*** Listed entries Section Begins ***

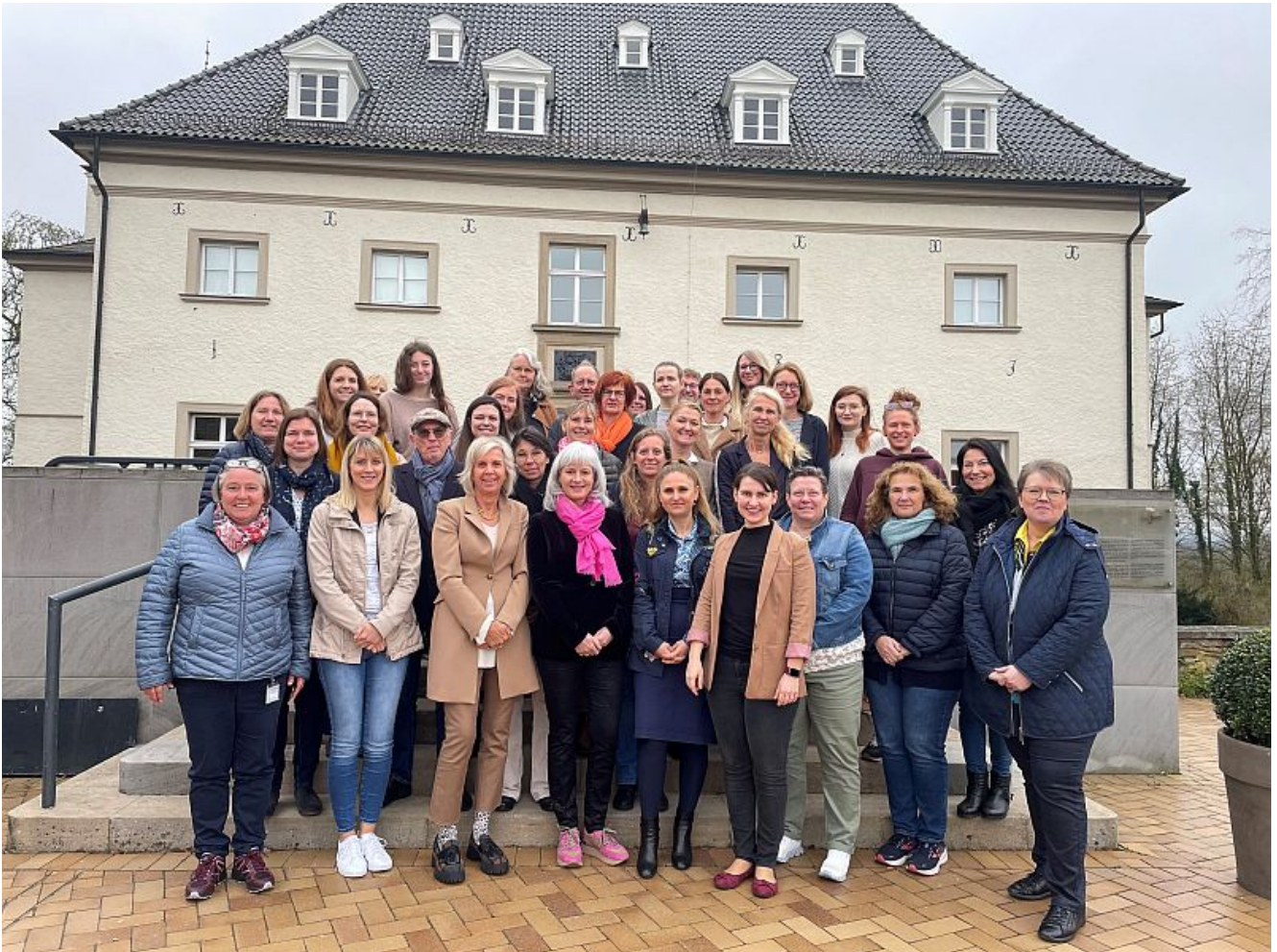
Die Teilnehmenden vor dem Veranstaltungsort.

Austausch untereinander, Vernetzung und die Arbeit der Kooperationspartner besser verstehen – das war das Ziel eines Fachtages des Runden Tisches gegen Häusliche Gewalt im Kreis Unna. Diesmal stand im Mittelpunkt der Veranstaltung das Thema „Opferarbeit“. Das Treffen fand am 18. April auf Haus Opherdicke statt.
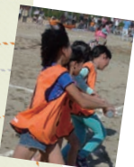
△ ふれあいスポーツ大会

今年の1月、3年ぶりとんど祭りを開催しました。準備には100人ほどの町民が参加し、役割分担しながら大小二つのとんどを作りました。当日は、ミニゲームコーナーやお餅の振る舞いなどもあり、大盛況でした。他にも、夏祭りやふれあいスポーツ大会などの行事を開催しており、町民の交流の場の一つとなっています。
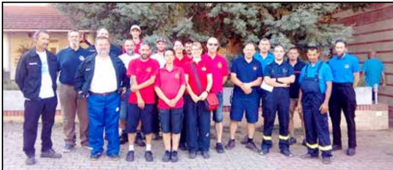
Rengeteg önkéntes indult útnak, hogy segítsenek

Háborús állapotokat hagyott a június 25-ei vihar a Somogy megyei Kadarkúton. A természet évtizedek, de talán évszázadok óta nem látott károkat okozott lakóházakban, melléképületekben, gépjárművekben.
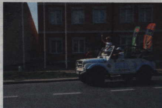
Przejeżdżające hostessy pozdrowiały gardejskich kibiców.
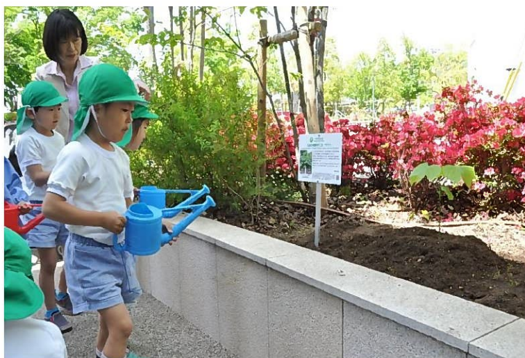
(被爆樹木アオギリ2世植樹 芦屋市役所本庁舎東館北側緑地にて)
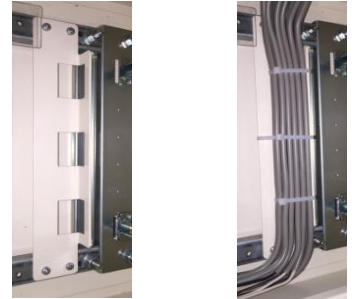
【電線支持金具外観】 【電線支持金具利用例】
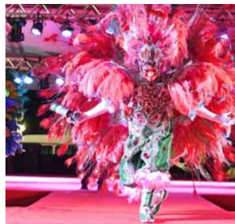
Um dos concursos é o de fantasias carnavalescas

As informações detalhadas sobre como participar de cada um desses concursos estão nos seus respectivos editais, disponíveis no site da prefeitura ( www.cachoeiro.es.gov.br ). Para acessá-los, basta clicar, sequencialmente, nas abas ‘Secretaria’, ‘Cultura e Turismo’ e ‘Editais’. Mais informações podem ser obtidas pelo telefone (28) 3155-5334.
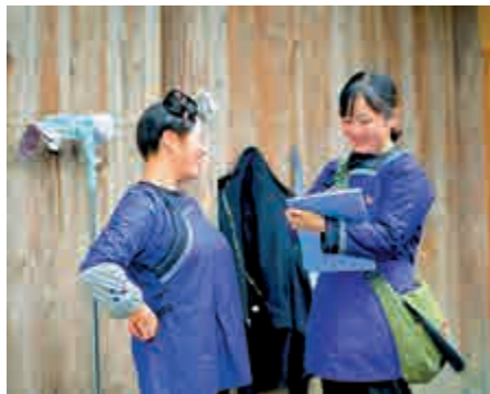
▲11月16日，貴州榕江縣平江鎮一位共產黨員（右）走訪結對幫扶戶

習近平強調，講政治必須提高政治執行力。領導幹部特別是高級幹部要經常同黨中央精神對表對標，切實做到黨中央提倡的堅決響應，黨中央決定的堅決執行，黨中央禁止的堅決不做，堅決維護黨中央權威和集中統一領導，做到不掉隊、不走偏，不折不扣抓好黨中央精神貫徹落實。要把堅持底線思維、堅持問題導向貫穿工作始終，做到見微知著、防患於未然。要強化責任意識，知責於心、擔責於身、履責於行，敢於直面問題，不迴避矛盾，不掩蓋問題，出了問題要敢於承擔責任。
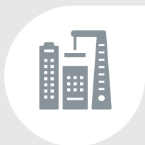
Métiers du bâtiment

Vous venez d'horizons professionnels différents. Nous mettons tout en œuvre pour vous proposer les solutions adaptées à vos besoins spécifiques.
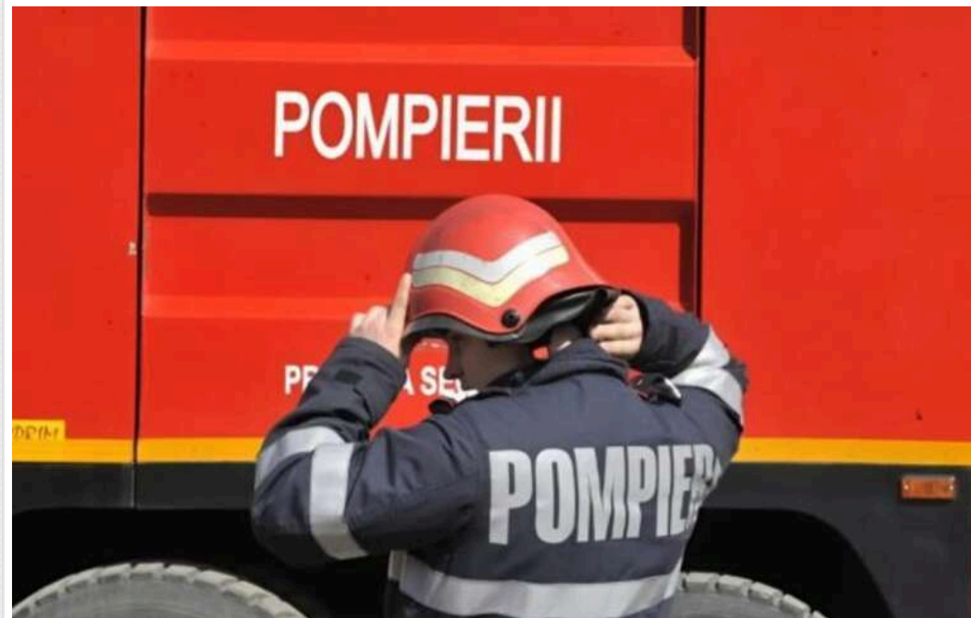
У Греції рятувальники організували страйк, вимагаючи стабільної роботи

У грецьких Афінах у п'ятницю десятки сезонних пожежників, які укладають контракти на роботу в сезон лісових пожеж у країні, протестували, вимагаючи постійного працевлаштування.
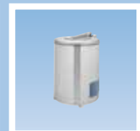
C240R-C260R-C290R Центрифуга, жесткое крепление
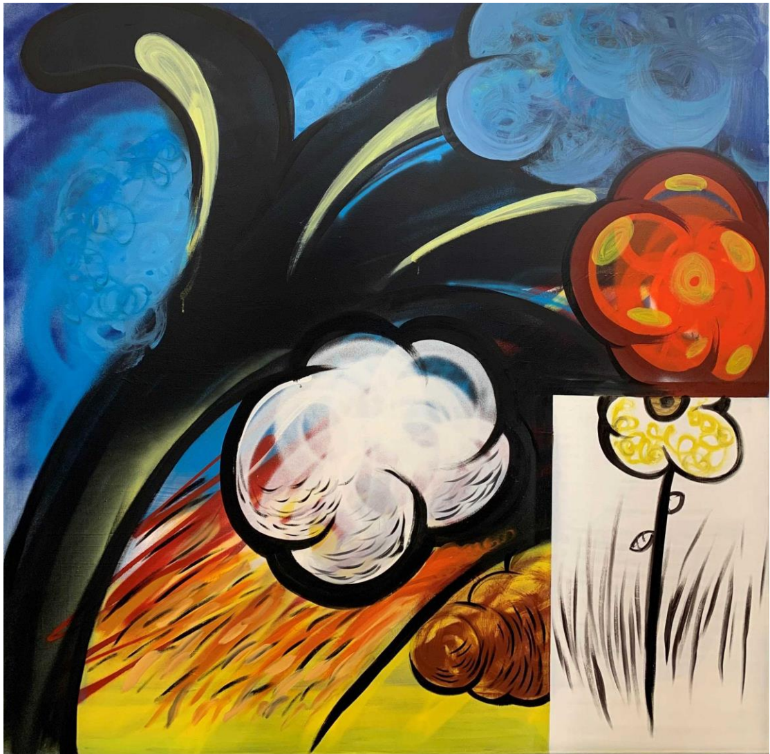
ΤΟ ΧΕΡΙ, 2022/ ΜΕΙΚΤΗ ΤΕΧΝΙΚΗ ΣΕ ΚΑΜΒΑ 150X150 ΕΚ.

*** Listed entries Section Ends ***

From the records above, output only the lines starting at the one containing "今年の1月、3年ぶりとんど祭" and ending at the one containing "Rengeteg önkéntes indult", word for word. Pictures stay out.

今年の1月、3年ぶりとんど祭りを開催しました。準備には100人ほどの町民が参加し、役割分担しながら大小二つのとんどを作りました。当日は、ミニゲームコーナーやお餅の振る舞いなどもあり、大盛況でした。他にも、夏祭りやふれあいスポーツ大会などの行事を開催しており、町民の交流の場の一つとなっています。
Rengeteg önkéntes indult útnak, hogy segítsenek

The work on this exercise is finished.